The power of the peer group is well known, and certainly those companies that concentrate on delivering great customer service will win in this “Digital Networking Decade”. Something the SaaS businesses would be well advised to do – Accentuate the Service.
Did the study control for people living in the same area – thus being subject to similar coverage problems which might presumably lead them to cancel with similar patterns?
While customers are the reason for a company to exist, taking care of them is also a direct operational cost as part of doing business. I think it’s important to test assumptions, measure customer behavior against the business technicals and continually iterate the customer service process for optimization.
I imagine the structure, behavior and fundamentals of the market also tend to influence the optimal customer service strategy for any business. For example, why aren’t cell phone companies more proactive in handing out deals? Is it because they can just focus on the easy customers? And when does it pay for a “customer is always right”?
Sometimes, when your team is testing for the optimal customer relations strategy, your company may initially choose an inefficient sales cycle or customer relations process. Or you may just need to fire your customers. Other times, as a customer, you really just need to get what you paid for.
an important dimension of social influence: the number of friends who leave for a competing service is less important than the percent of friends who leave for a competing service. If you wanted to define an tipping point threshold where social influence causes users to switch from Verizon to an iPhone, you’d be better off defining the threshold as a percentage of close friends who are switchers, as opposed to an absolute number.
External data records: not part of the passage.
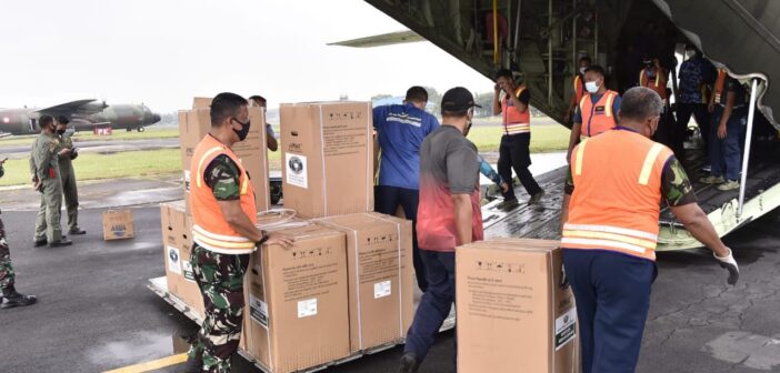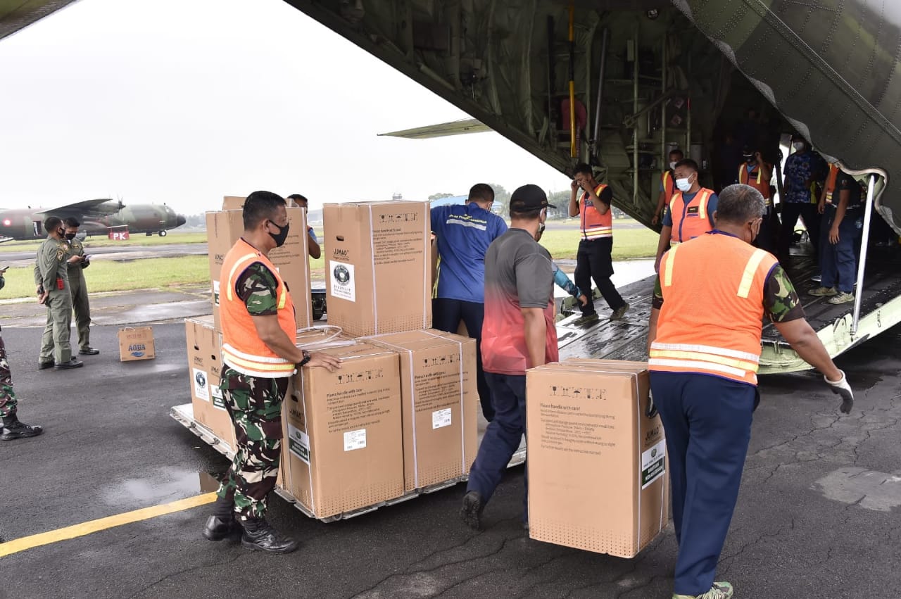 Pesawat jenis Hercules C-130 dengan Pilot Mayor Pnb Aleg Chandra dari Skadron 31 Lanud Halim Perdanakusuma mengangkut bantuan sebanyak 175 koli alat kesehatan, terdiri dari alat Oksigen Konsentrator dan Selang Nasal Cannula untuk dua wilayah di Sumatera, yaitu Padang dan Medan.
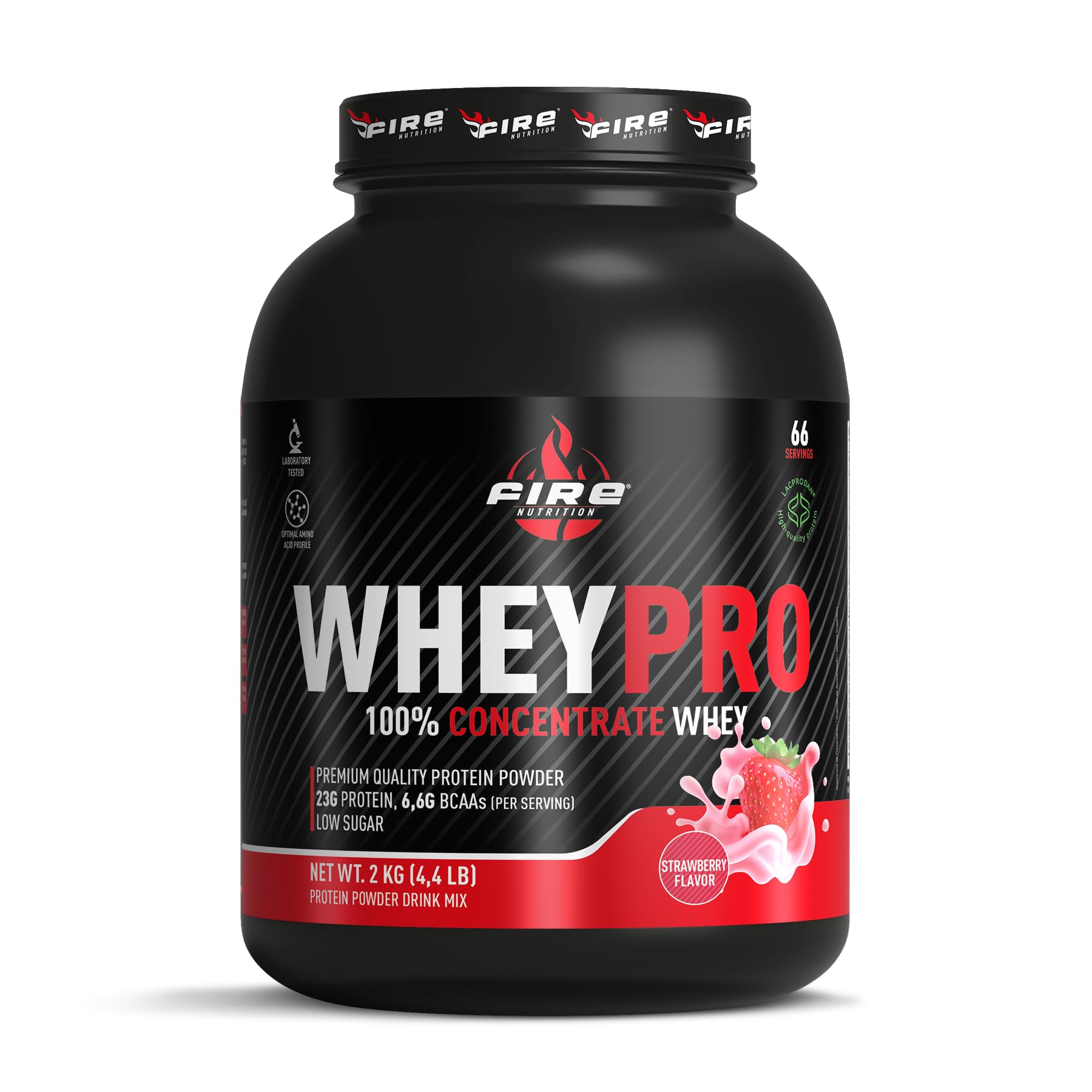 Fire Nutrition Whey PRO 2kg (4.4LB) Strawberry - 100% Whey Concentrate - 100% Whey Concentrate - Whey Protein - Muscle Recovery
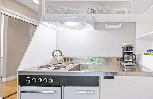 Fully equipped kitchenette: stove, fridge, coffee maker, toaster, cookware, and utensils.
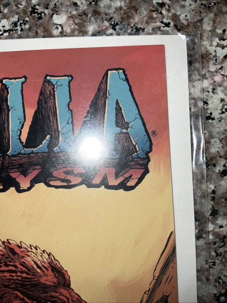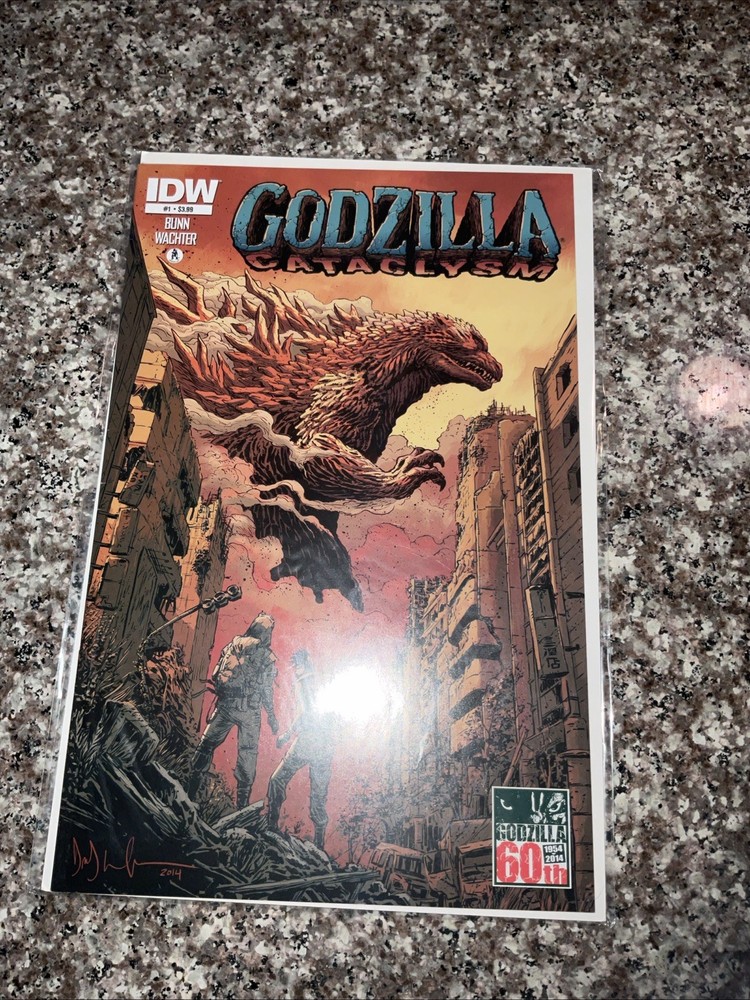 Godzilla Cataclysm #1 featuring the stunning artwork of Dave Wachter and story by Cullen Bunn. This IDW Publishing comic book from 2015 is a must-have for any fan of the modern age of comics. The vibrant color style captures the essence of the monster and the action-packed storyline will keep you on the edge of your seat. With its connections to the Godzilla universe, this single issue comic book is a valuable addition to any collection. The issue number 1 and the series title "Cataclysm" make this comic book a great start to any new collection. Don't miss out on this opportunity to own a piece of US comics history.
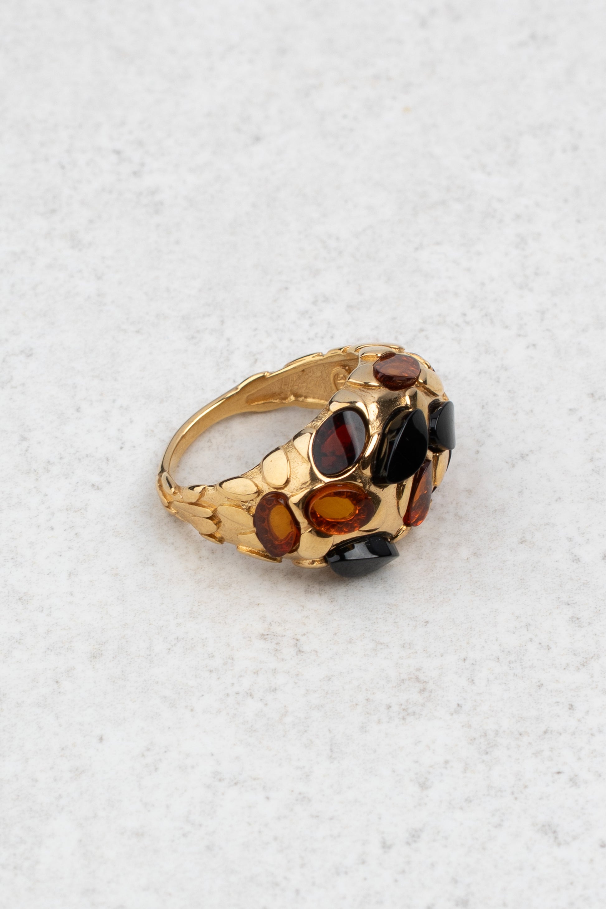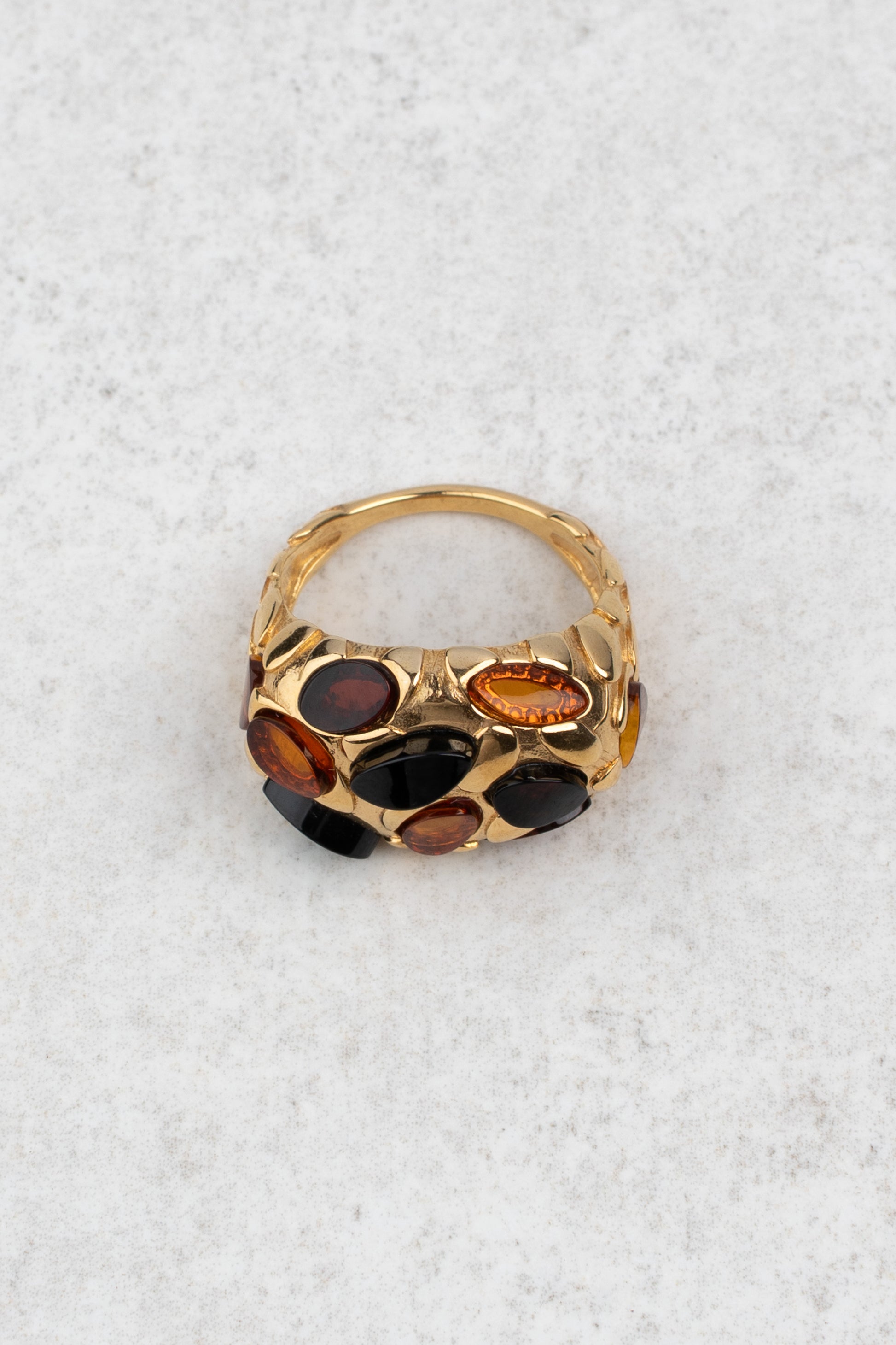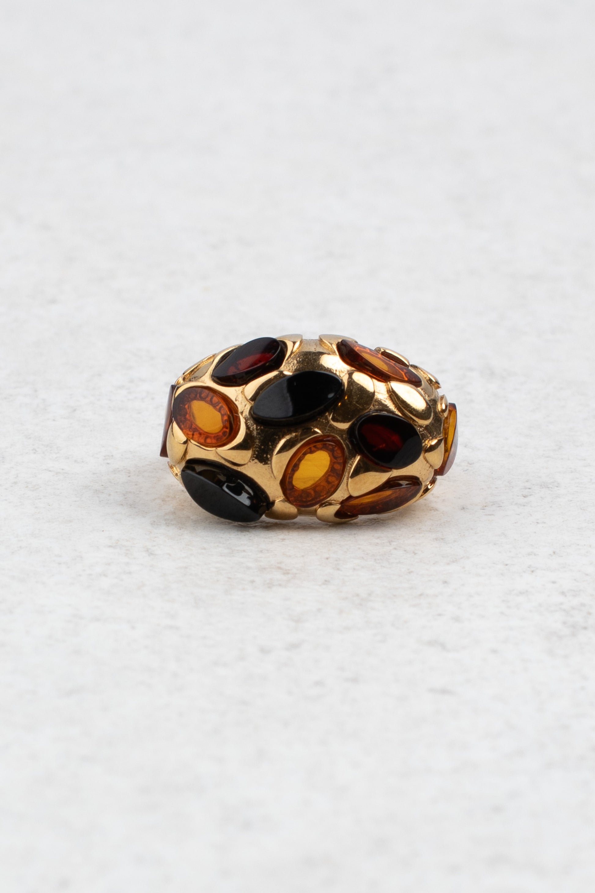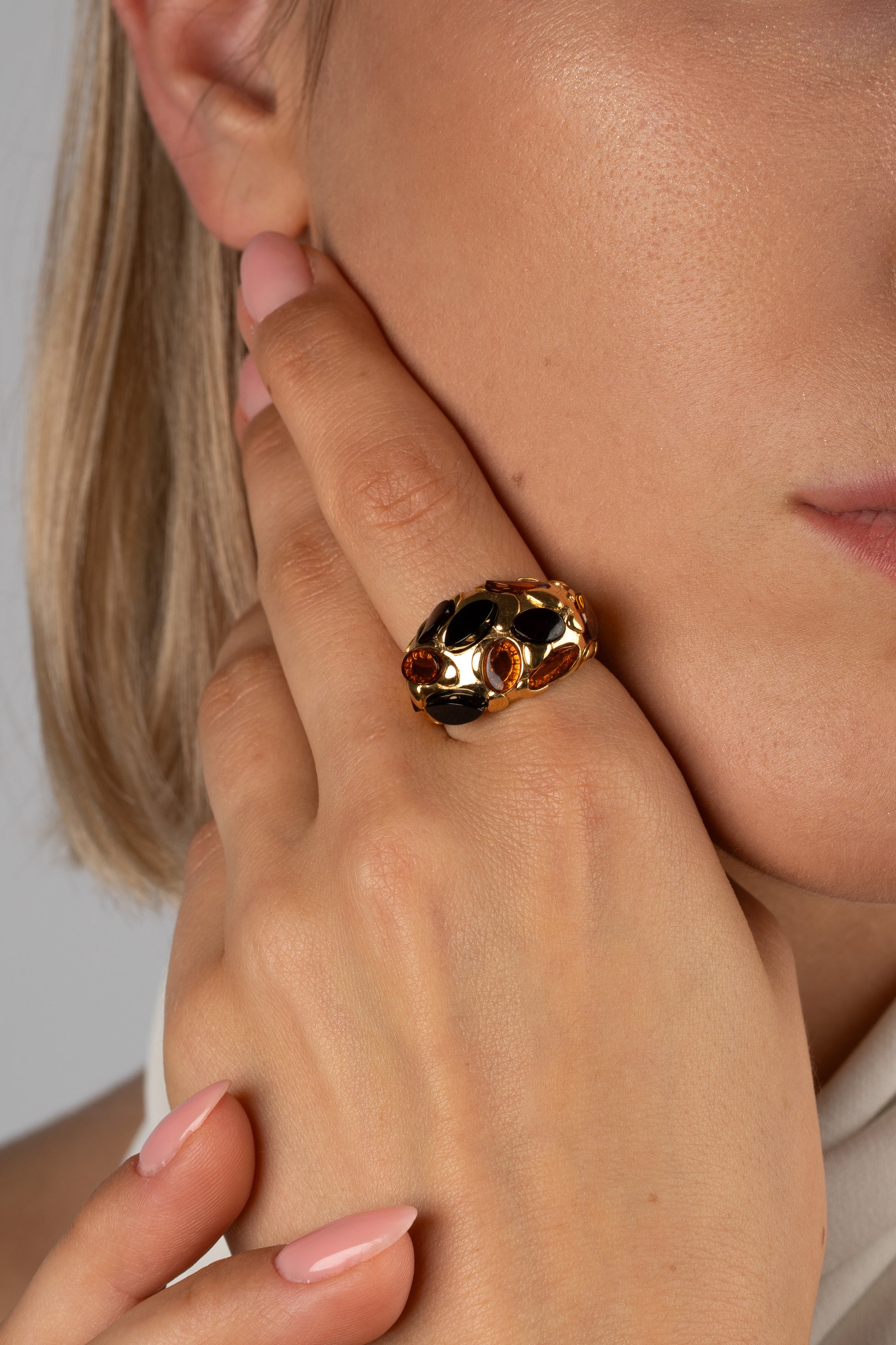 Šis drąsus ir rafinuotas žiedas atskleidžia kerintį autentiško Baltijos gintaro gylį. Sodrūs medaus, vyšnios ir gilios juodos spalvos tonai įkomponuoti į puošnų aukso dizainą, sukuriant ryškią spalvų ir šviesos harmoniją. Meniška struktūra sukelia paslapties ir nesenstančio elegancijos pojūtį.

Auren, my company has been helping mobile phone operators do better marketing by analysing this kind of data for some years now. We have found that even in markets where there is no discount for on-net calls, homophily (as the scientists call it) of network choice still applies – though it is indeed rather less. Homophily of iPhone choice is high in every market though.
Interesting article. However, I have to notice that coincidence of actions (people, switching providers simultaneously) does not necessarily mean “influence”. There are two other, equally plausible explanations: homophily (excessive similarity between friends) and confounding factors.
According to the first, one’s friends are typically very similar to him and are therefore likely to make similar decisions under similar conditions. The second means, that being friends, people are more likely to experience similar events (say, advertisements, tough economic situation, changes to quality of service).
It is extremely difficult to distinguish between the three effects. One, undoubtedly, most efficient way – randomized experiment, but this takes some planning. Another (less reliable) is matching (for instance, this recent publication: http://www.pnas.org/content/106/51/21544.short).
Therefore, what is reported in the article is evidence of clustering of decisions rather than peer influence. This would not be important, unless some conclusions would have been drawn. To claim influence and to exploit it, one has to deal with causality issues.
If payphones fail completely the blame will not fall entirely on lack of consumer demand. Part of the blame would fall on the fact that payphones simply do not work when you need them.